One critical test to adjudge the claim of any country of being democratic is its tolerance of dissent and the protection afforded to the dissenter. The recent premeditated murder of Gauri Lankesh, apparently not for any personal enmity or monetary gain, was most deplorable. Equally deplorable is the consequent murder of democracy — because dissent is the soul of democracy.
In any civilised society, people will have different notions of what is good and beneficial for the country. A truly tolerant society grants a fair field and an honest race to all — radicals and reactionaries, industrialists and workmen, the religious and the free thinkers, capitalists and communists, and all the infinite variety of crackpots, fanatics, and self-appointed saviours of mankind. The dissenter must feel free to express his views vigorously, pungently, without any lurking fear of incarceration. The only requirement is that there should be no incitement to violence.
It is wrong to consider a dissenter as a mischievous law-breaker or an anti-national or unpatriotic person. Remember, patriotism is the last refuge of a scoundrel.
In the words of the eminent American jurist Benjamin N. Cardozo, “the dissenter speaks to the future, and his voice is pitched to a key that will carry through the years and for the moment, he is the gladiator making a last stand against the lions.” According to US Chief Justice Charles Evans Hughes, a dissent in a court of last resort is an appeal to the brooding spirit of the law, to the intelligence of a future day, and as observed by Justice Felix Frankfurter, dissents in the US Supreme Court have gradually become majority opinions.
Courts in India have also recognised the right to dissent. In 1967, the High Court of Bombay in the case of Anant Karandikar significantly ruled that “it is implicit in the freedom of press that every one ought to have the privilege of expressing opinions which are unpopular or distasteful. Right to dissent is the very essence of democracy. Conformity to accepted norms and belief has always been the enemy of freedom of thought.”
The Supreme Court of India in a decision pronounced on November 12, 1974, observed: “Peaceful protests and the voicing of a contrary opinion are powerful wholesome weapons in the democratic repertoire. It is, therefore, unconstitutional to pick up a peaceful protester and to put him behind the prison bars.”
The historic dissent of Justice Fazl Ali in 1950 must be noted. In the A.K. Gopalan case, the Supreme Court was required to construe Article 21 of the Constitution which reads as “Protection of life and personal liberty — No person shall be deprived of his life or personal liberty except according to procedure established by law.” The majority in that case ruled that the expression “procedure established by law” in Article 21 means positive or state made law. It rejected the plea that the procedure prescribed by law should comply with the basic principles of natural justice.

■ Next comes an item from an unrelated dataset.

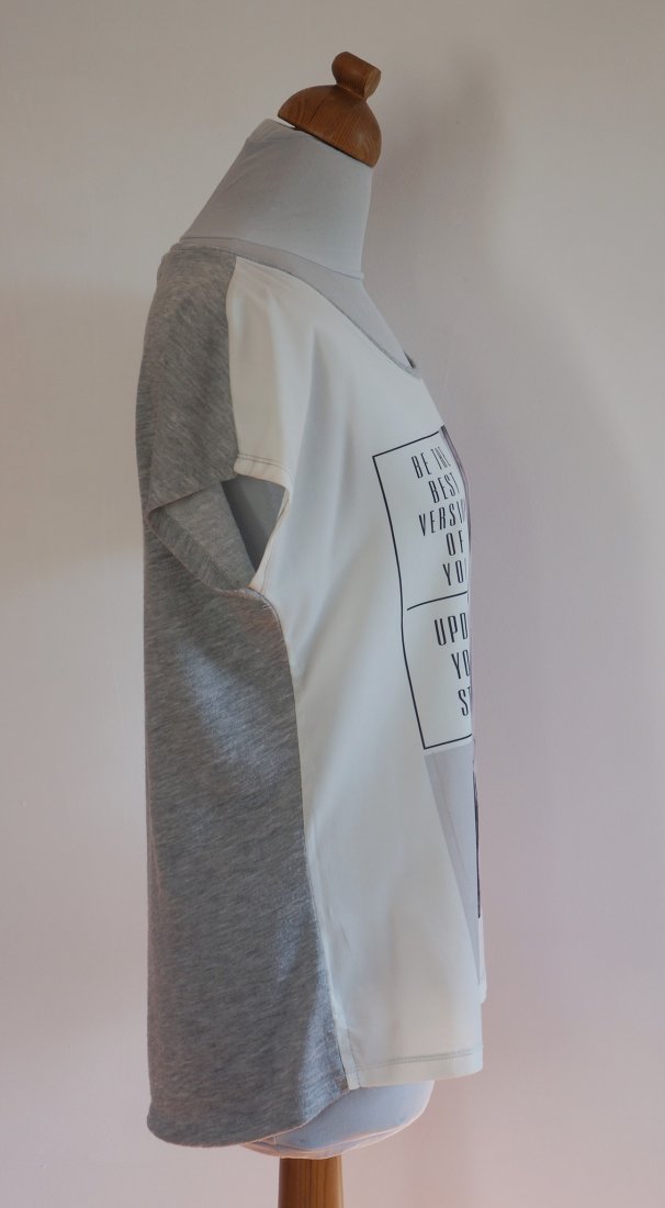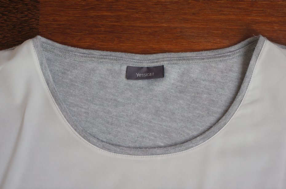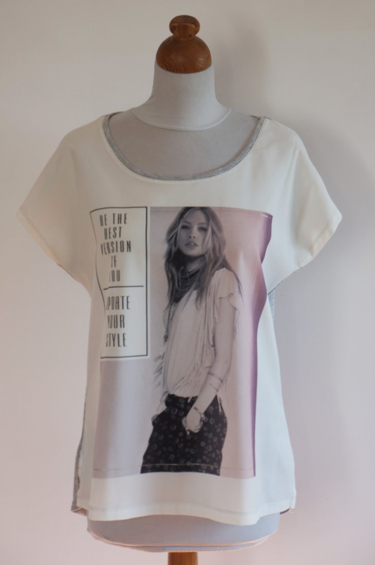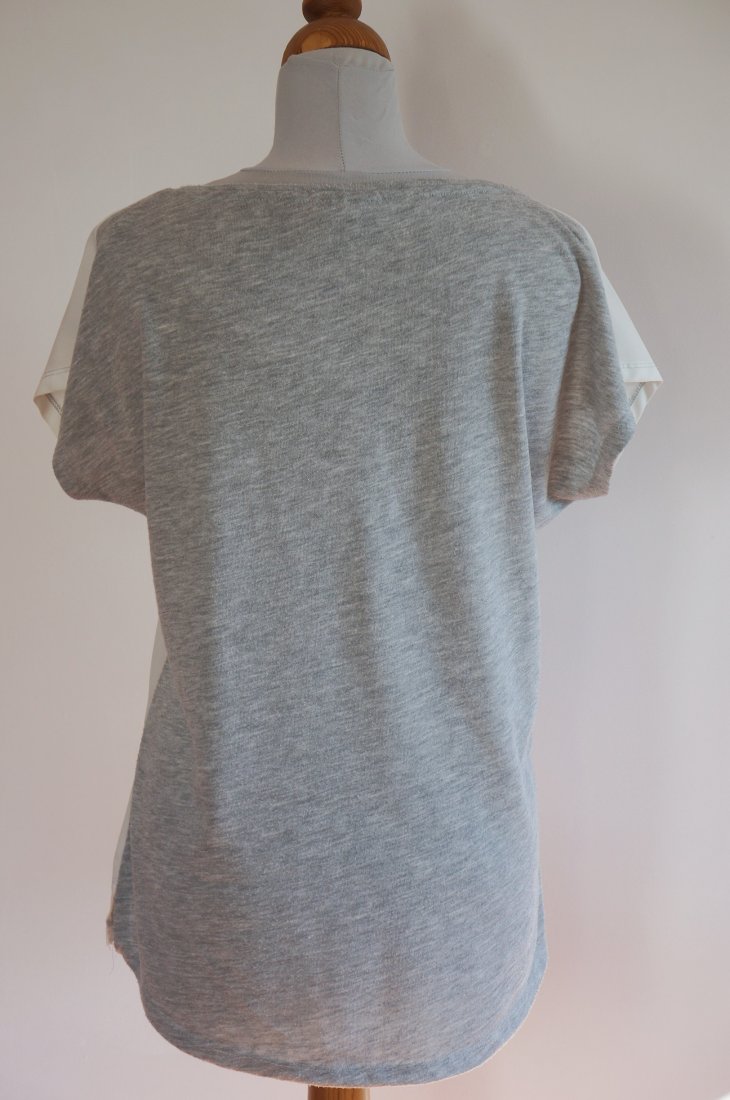 Bluzka damska marki Yessica. Z boku rozcięcia długości 6 cm. Zamiast rękawów opadające ramiona. Tył delikatnie dłuższy. Stan dobry. Bez wad.
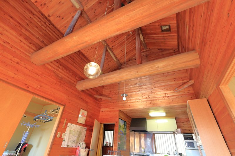 大きいな梁と吹き抜け天井。

Justice Fazl Ali dissented. He held that Article 21 is not complied with by mere prescription of a procedure pursuant to a law enacted by the state, but the procedure must comply with certain “fundamental principles of justice which inhere in every civilised system of law and which are at the root of it.” Justice Fazl Ali ruled in his dissent — that “a person should be deprived of his personal liberty without a trial is a serious matter, but the needs of society may demand it and the individual may often have to yield to those needs. Still the balance between the maintenance of individual rights and public good can be struck only if the person who is deprived of his liberty is allowed a fair chance to establish his innocence.”
After two decades, Justice Fazl Ali’s dissent was expressly accepted by the Supreme Court in January 1978 as laying down the correct law in the case of Mrs Maneka Gandhi whose passport was impounded by the authorities. The Supreme Court ruled that the concept of reasonableness must be projected in the procedure contemplated by Article 21 and stated that the minority view of Justice Fazl Ali “must be regarded as correct and the majority view must be held to have been overruled.”
The voice of dissent, when it is not the voice of violence, is essential for the advancement and progress of society. But for bold dissenters, the scourge of Sati and other social evils would be still haunting us. One need not accept the dissenter’s views. They can be rebutted in a dialogue.
It is said that Gauri was vehemently anti-Hindutva. She was hated for her views. She was called a Naxal sympathiser, a Hindu hater. But however strong her views, she posed no threat to those she opposed. Dissenting views cannot be silenced by the bullet of a gun. The recent cases of M.M. Kalburgi, Narendra Dabholkar and Govind Pansare evince a disturbing trend. The fact that we still don’t know who killed Dabholkar, Kalburgi and Pansare points to a war between fundamentalism and rationalism, with the former showing its virulence.
Union Minister for Minority Affairs Mukhtar Abbas Naqvi rightly stated that “tolerance is the culture and commitment of India and it is our constitutional duty to protect and strengthen the culture of tolerance.” In that case it is the duty of the state to protect the dissenter and not to penalise him or her for the dissenting views. It is also the duty of the state to severely punish those who violently target the expression of dissenting views.
Let politics not be injected into the matter. Let us respect and honour the dissenters for their courage and fearlessness. In doing so, we shall, in effect, be preserving and strengthening our democracy.